Action item:
What you produce should be the lines from the line containing "Adepoy コンパチブル Apple" through the last line below, both ends included, reproduced exactly and without pictures.

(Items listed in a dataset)
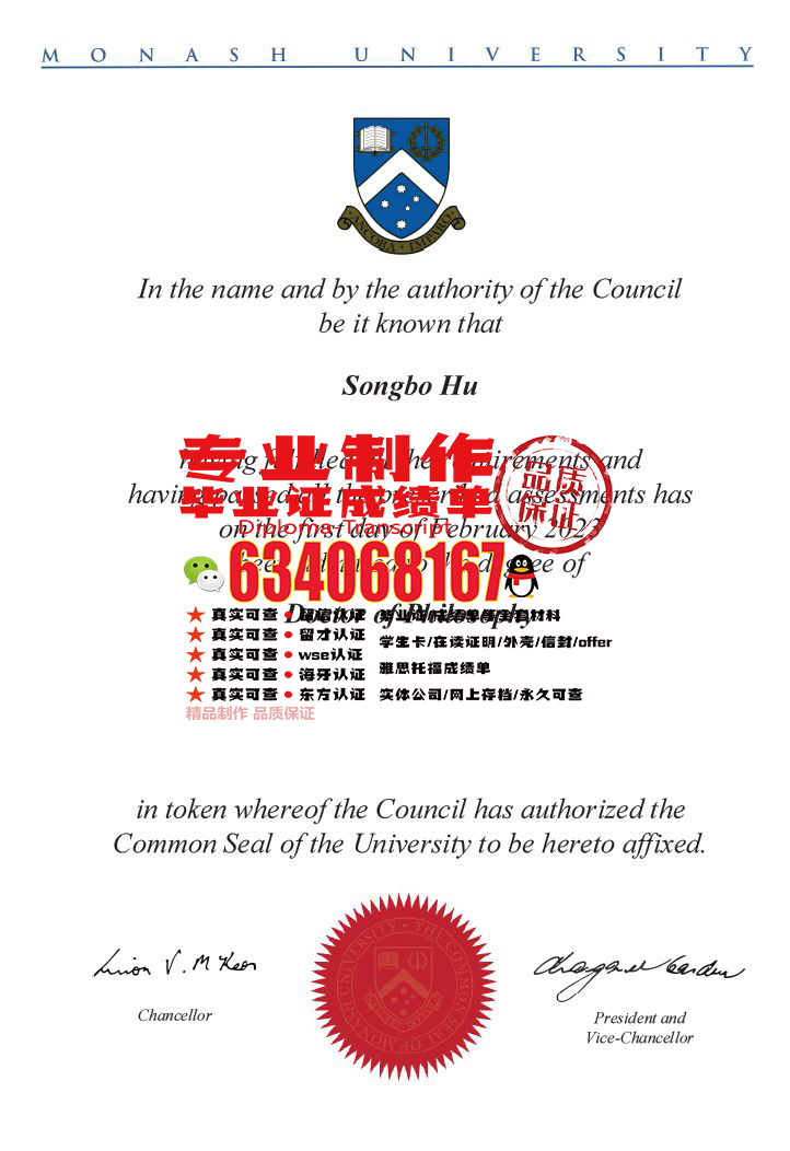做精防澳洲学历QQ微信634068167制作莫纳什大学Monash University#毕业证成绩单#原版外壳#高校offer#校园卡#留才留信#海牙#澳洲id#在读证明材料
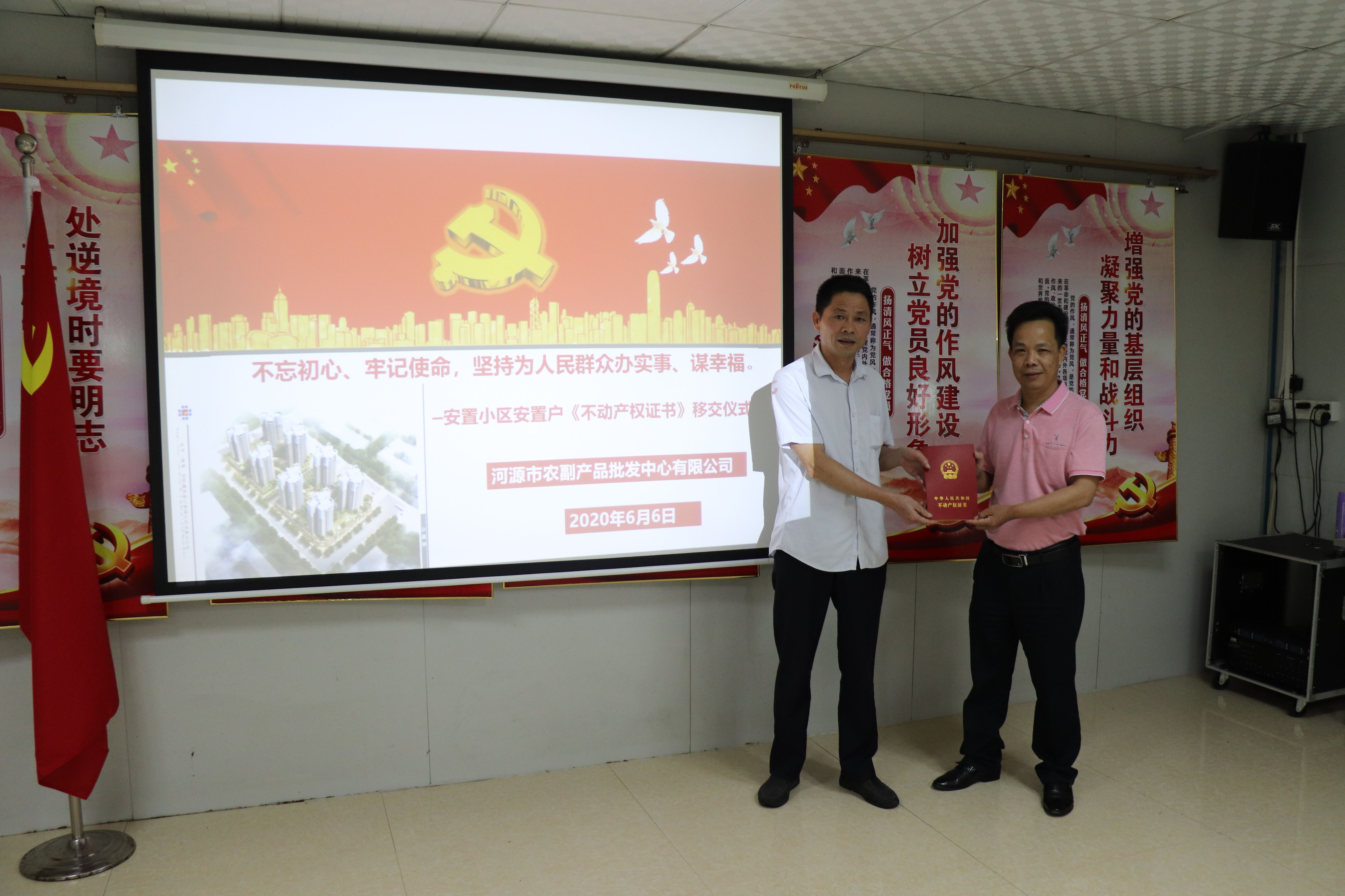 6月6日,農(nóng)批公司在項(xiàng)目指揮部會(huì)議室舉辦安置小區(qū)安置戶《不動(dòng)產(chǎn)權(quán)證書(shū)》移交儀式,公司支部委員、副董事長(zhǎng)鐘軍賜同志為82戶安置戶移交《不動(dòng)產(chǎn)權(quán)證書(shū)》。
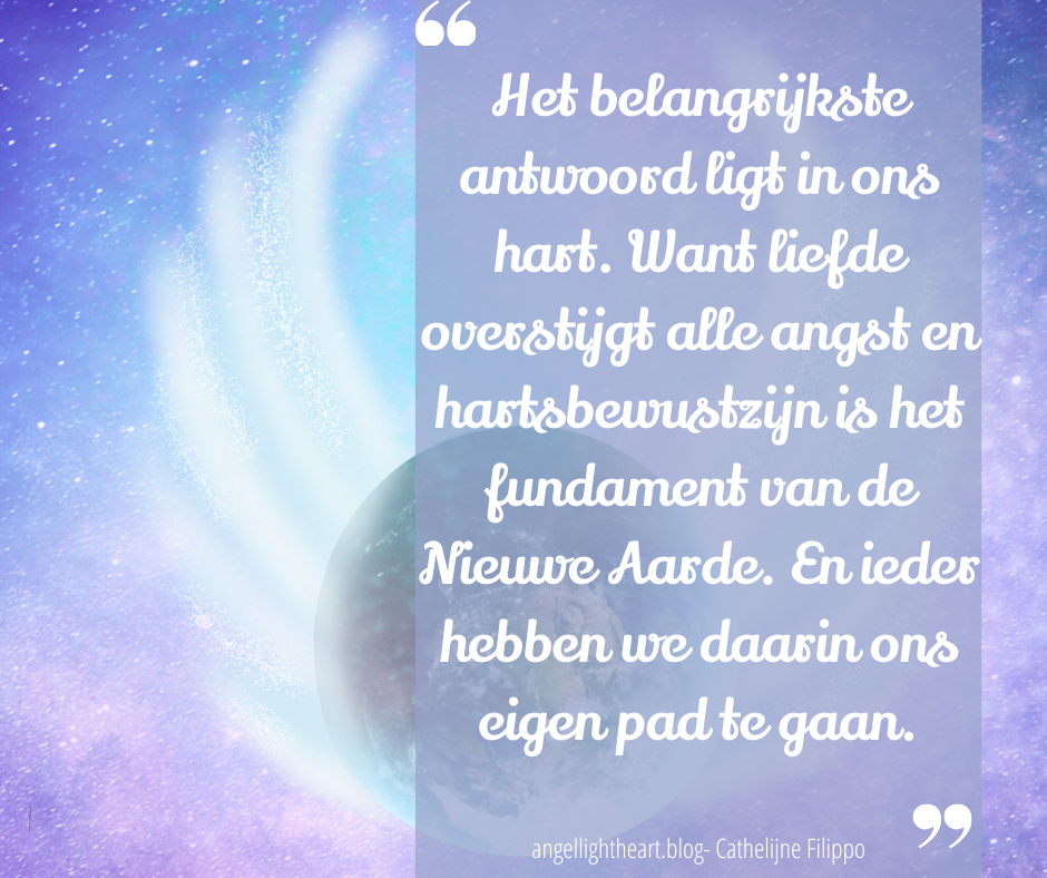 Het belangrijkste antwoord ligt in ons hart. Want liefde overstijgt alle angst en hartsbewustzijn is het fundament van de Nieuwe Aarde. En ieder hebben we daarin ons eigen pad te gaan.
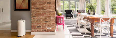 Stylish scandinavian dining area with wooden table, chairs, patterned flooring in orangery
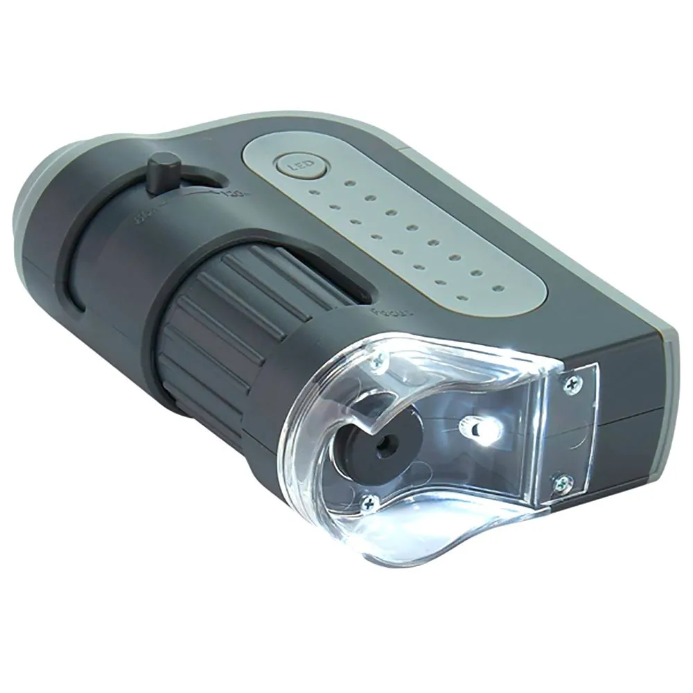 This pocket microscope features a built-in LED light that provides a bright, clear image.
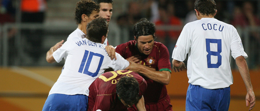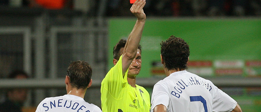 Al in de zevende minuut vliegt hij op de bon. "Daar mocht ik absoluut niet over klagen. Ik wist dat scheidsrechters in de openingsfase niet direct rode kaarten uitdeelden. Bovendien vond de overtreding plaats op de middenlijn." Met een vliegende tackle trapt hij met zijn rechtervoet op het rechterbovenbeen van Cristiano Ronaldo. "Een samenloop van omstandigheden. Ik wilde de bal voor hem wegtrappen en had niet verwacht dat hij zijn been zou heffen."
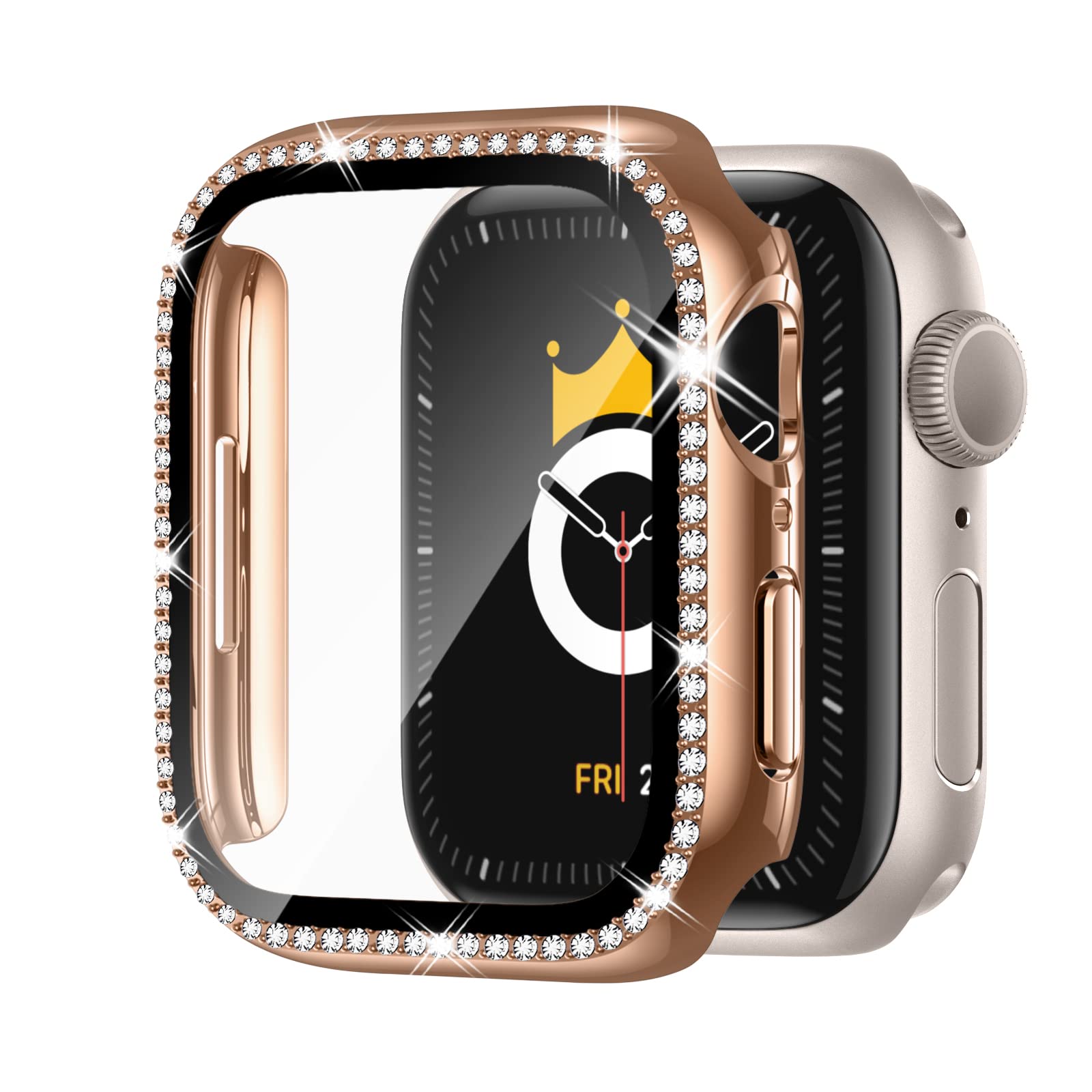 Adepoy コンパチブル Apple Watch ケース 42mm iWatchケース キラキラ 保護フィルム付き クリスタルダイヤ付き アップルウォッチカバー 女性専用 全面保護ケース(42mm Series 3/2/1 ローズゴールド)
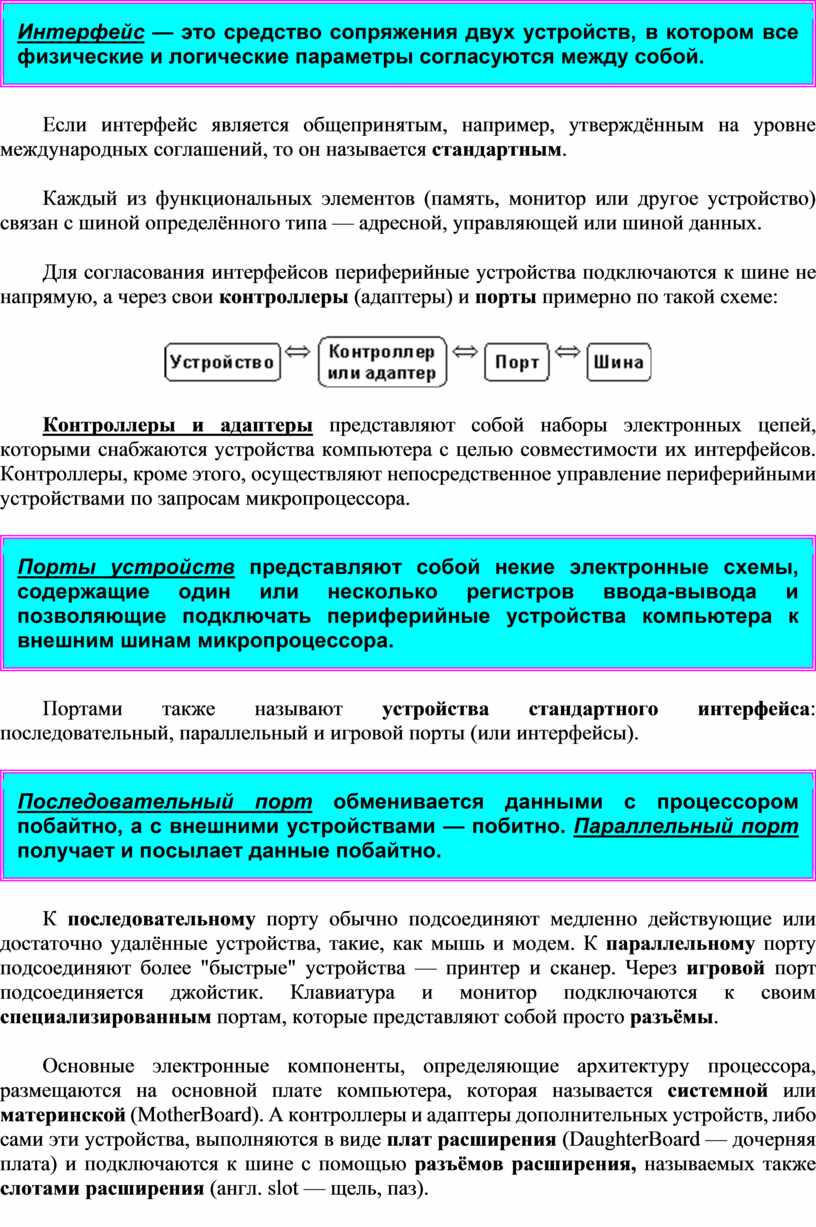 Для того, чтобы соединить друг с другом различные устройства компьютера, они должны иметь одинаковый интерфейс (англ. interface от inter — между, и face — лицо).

Task result:
 Adepoy コンパチブル Apple Watch ケース 42mm iWatchケース キラキラ 保護フィルム付き クリスタルダイヤ付き アップルウォッチカバー 女性専用 全面保護ケース(42mm Series 3/2/1 ローズゴールド)
 Для того, чтобы соединить друг с другом различные устройства компьютера, они должны иметь одинаковый интерфейс (англ. interface от inter — между, и face — лицо).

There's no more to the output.